As to how the $2\pi$ become $\pi/6$, the explanation is simple. The person wanted a $4$ on the "inside". But if you multiply by $4$, you also have to divide by $4$, in order to leave the integral unchanged. This division was done on the outside. Earlier, the $1/3$ had been brought outside.
I think the layout of the calculation was not as good as it might be, it tends to create confusion. First of all, I would write the area formula as $\int_0^3 2\pi\frac{x^3}{3}\sqrt{1+x^4}\,dx.$
The reason for this is that the $2\pi$ "belongs with" $x^3/3$, the expression $2\pi x^3/3$ represents the circumference of a certain circle.
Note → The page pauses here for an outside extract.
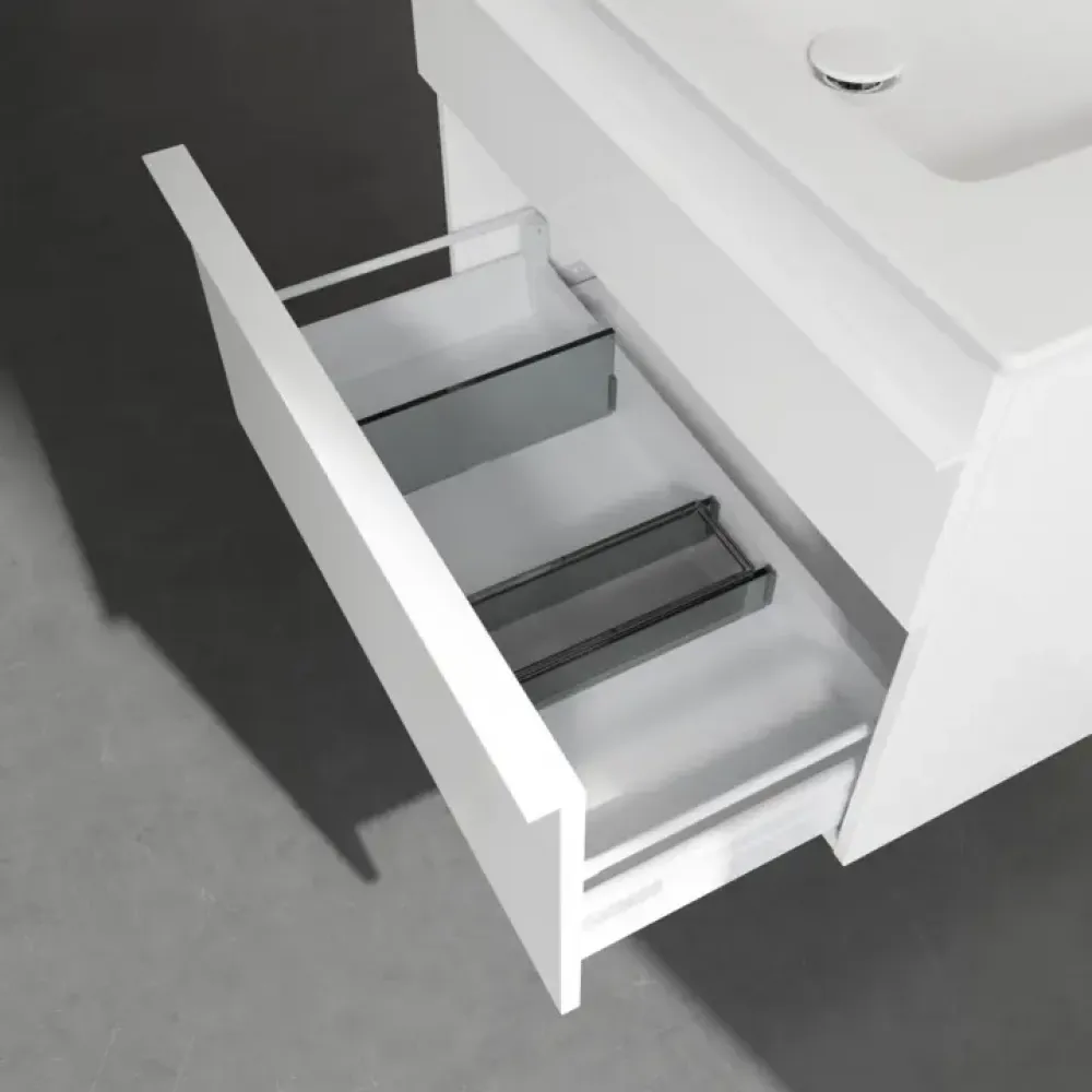 Продуманное внутреннее разделение мебели для ванной Villeroy & Boch позволяет создать индивидуальную систему организации пространства в ванной комнате. Элементы, расположение которых можно менять, например регулируемые стеклянные перегородки и контейнеры для аксессуаров различных размеров, обеспечивают хороший обзор и порядок. Благодаря практичной системе внутреннего разделения вы будете быстро находить принадлежности для ванной, которыми вы постоянно пользуетесь.
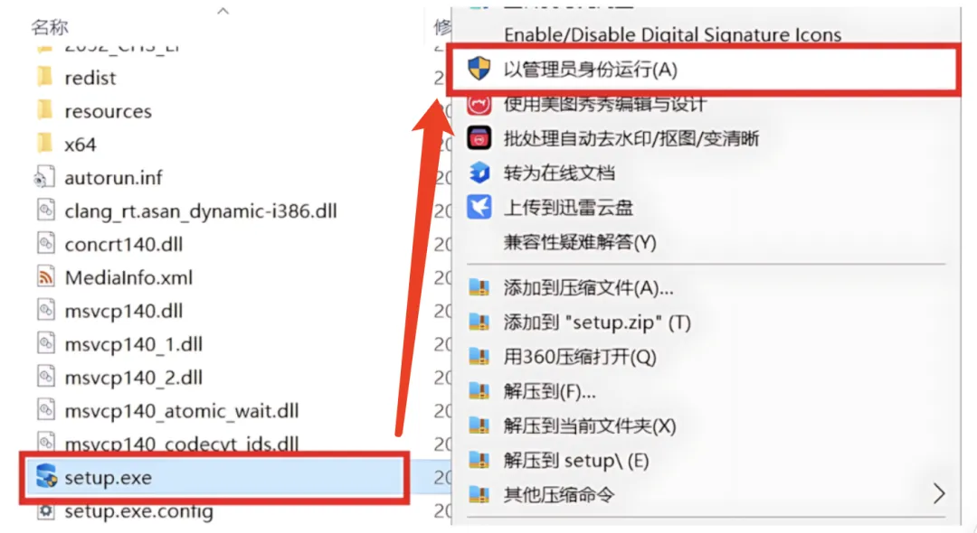 步骤3:鼠标右击 Setup 选择:以管理员身份运行。

Then for the indefinite integral, I would probably do the substitution more mechanically and less magically, by letting $u=x^4$.
Then $\dfrac{du}{dx}=4x^3$, and therefore $du=4x^3\,dx$, so $x^3\,dx$ (which appears in the expression, if we rearrange a bit) is $(1/4)\,du$. Thus $\int 2\pi\frac{x^3}{3}\sqrt{1+x^4}\,dx=\int\frac{2\pi}{(3)(4)}u^{1/2}\,du.$ Now if you like bring the constant to the outside, though it looks pretty happy inside to me.
I would expect that by now you have learned how to substitute for the limits of integration. So actually I would write $\int_{x=0}^{x=3} 2\pi\frac{x^3}{3}\sqrt{1+x^4}\,dx=\int_{u=0}^{u=81}\frac{2\pi}{(3)(4)}u^{1/2}\,du.$